### Activity
Retype every entry below without pictures.

### Exercise material
Content starts
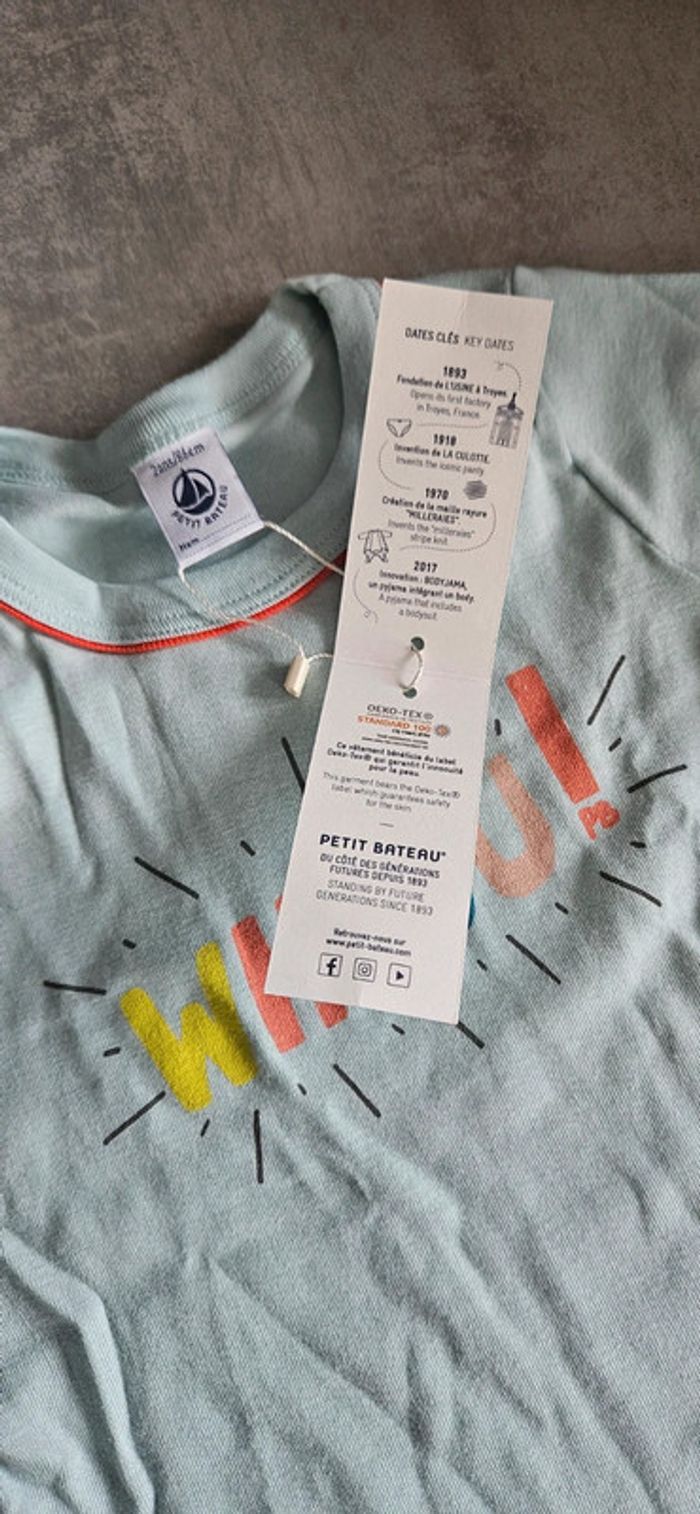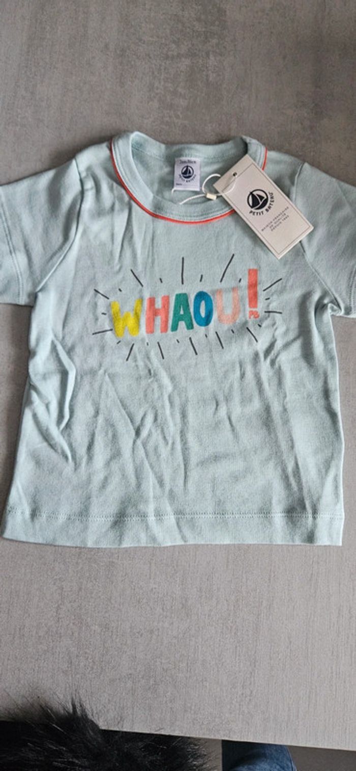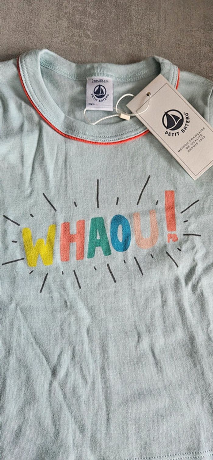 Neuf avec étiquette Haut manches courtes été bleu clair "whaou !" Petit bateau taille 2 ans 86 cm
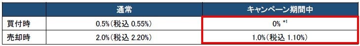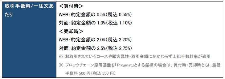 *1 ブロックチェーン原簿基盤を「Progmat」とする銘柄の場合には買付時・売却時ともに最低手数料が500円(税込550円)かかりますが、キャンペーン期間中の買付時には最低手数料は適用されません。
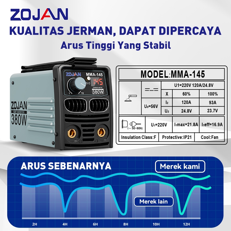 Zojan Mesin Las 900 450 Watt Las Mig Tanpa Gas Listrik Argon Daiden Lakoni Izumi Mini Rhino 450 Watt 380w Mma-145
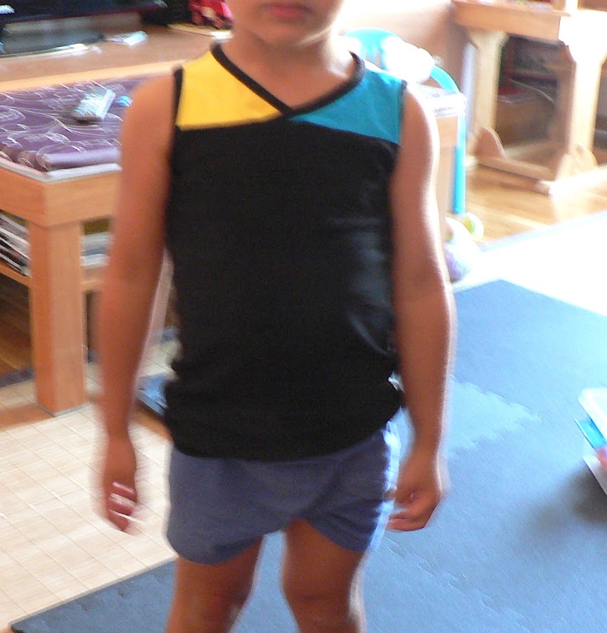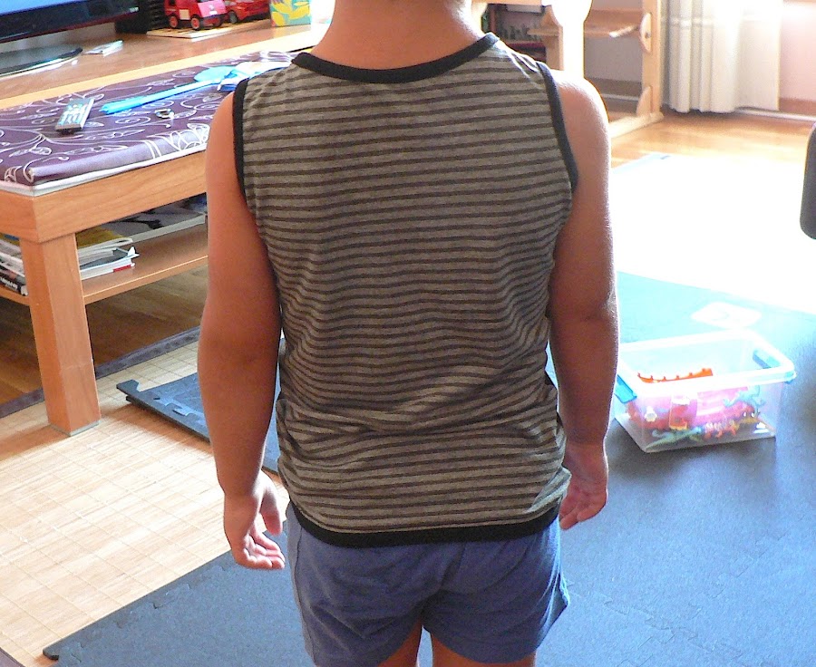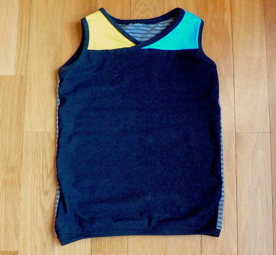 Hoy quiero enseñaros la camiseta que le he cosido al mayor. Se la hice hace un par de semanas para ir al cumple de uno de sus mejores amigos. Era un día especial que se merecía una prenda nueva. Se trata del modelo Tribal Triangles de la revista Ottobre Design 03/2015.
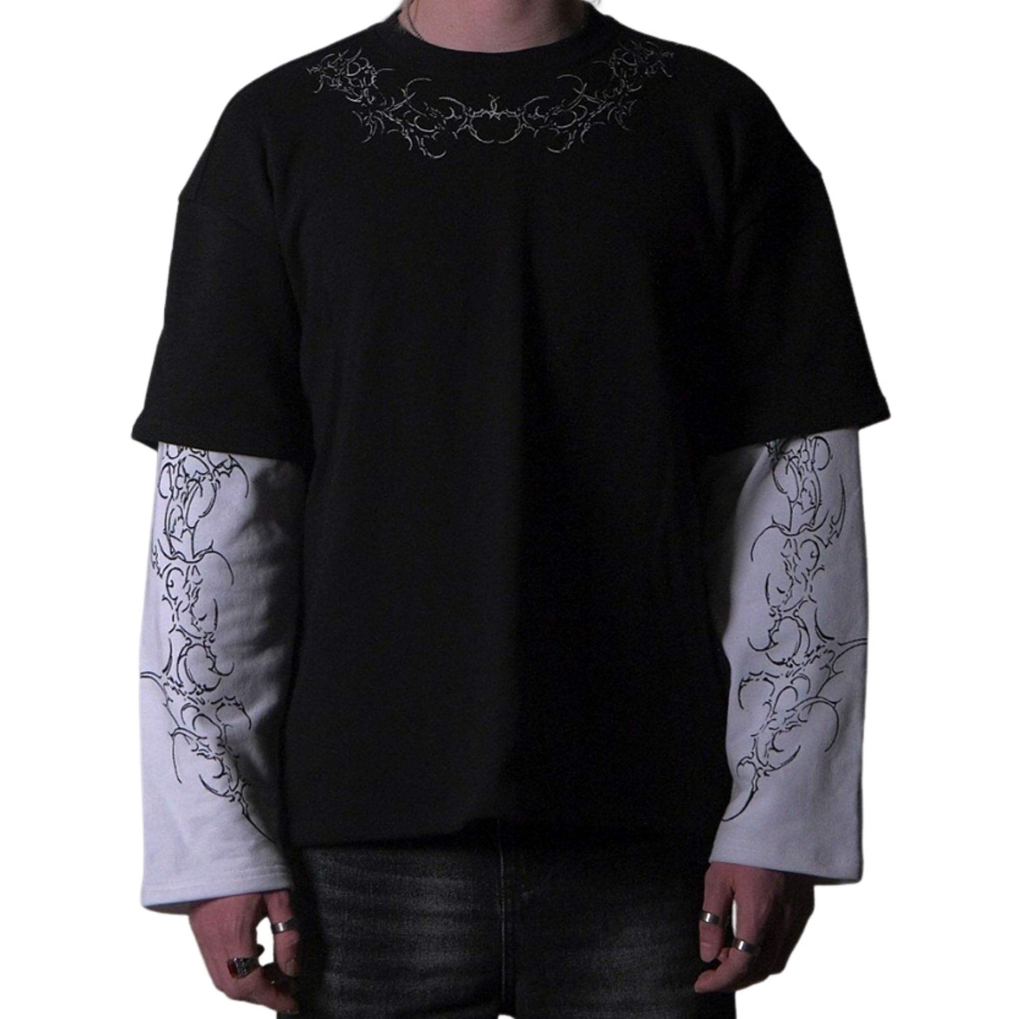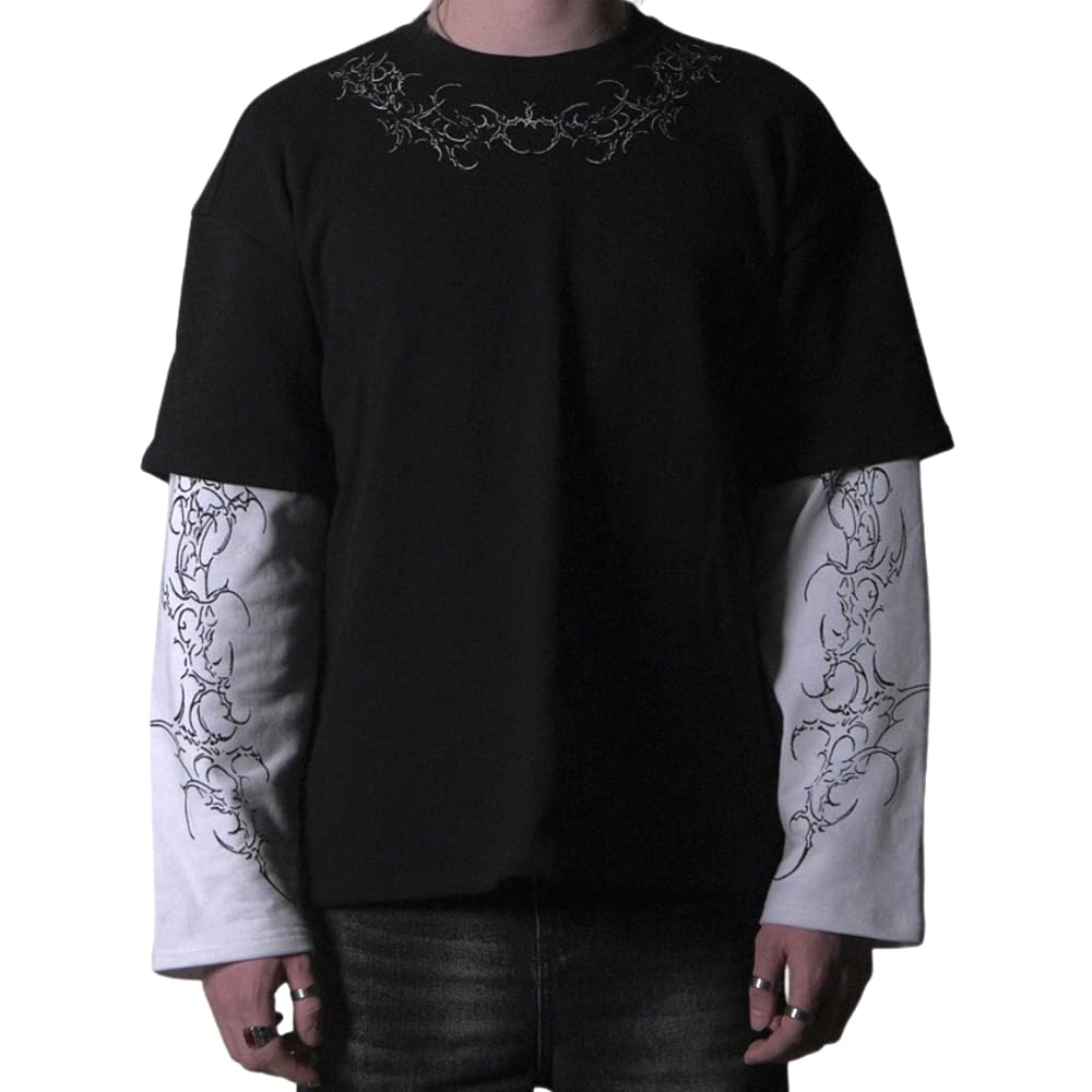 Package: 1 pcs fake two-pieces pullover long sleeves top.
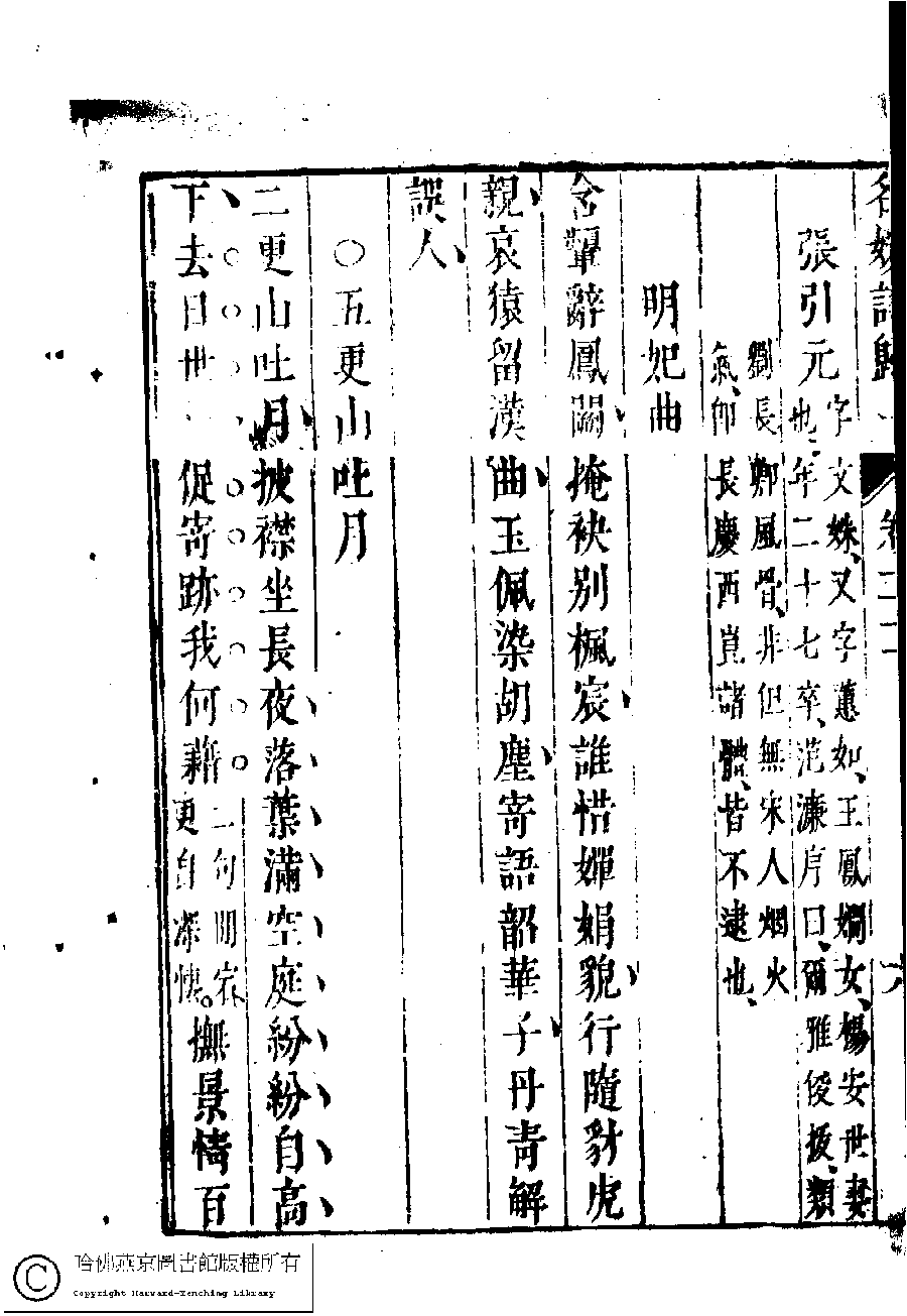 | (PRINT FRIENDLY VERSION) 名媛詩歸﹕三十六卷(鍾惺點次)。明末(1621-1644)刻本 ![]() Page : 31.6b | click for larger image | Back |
Content ends
### Result of this exercise
 Neuf avec étiquette Haut manches courtes été bleu clair "whaou !" Petit bateau taille 2 ans 86 cm
 *1 ブロックチェーン原簿基盤を「Progmat」とする銘柄の場合には買付時・売却時ともに最低手数料が500円(税込550円)かかりますが、キャンペーン期間中の買付時には最低手数料は適用されません。
 Zojan Mesin Las 900 450 Watt Las Mig Tanpa Gas Listrik Argon Daiden Lakoni Izumi Mini Rhino 450 Watt 380w Mma-145
 Hoy quiero enseñaros la camiseta que le he cosido al mayor. Se la hice hace un par de semanas para ir al cumple de uno de sus mejores amigos. Era un día especial que se merecía una prenda nueva. Se trata del modelo Tribal Triangles de la revista Ottobre Design 03/2015.
 Package: 1 pcs fake two-pieces pullover long sleeves top.
 | (PRINT FRIENDLY VERSION) 名媛詩歸﹕三十六卷(鍾惺點次)。明末(1621-1644)刻本 ![]() Page : 31.6b | click for larger image | Back |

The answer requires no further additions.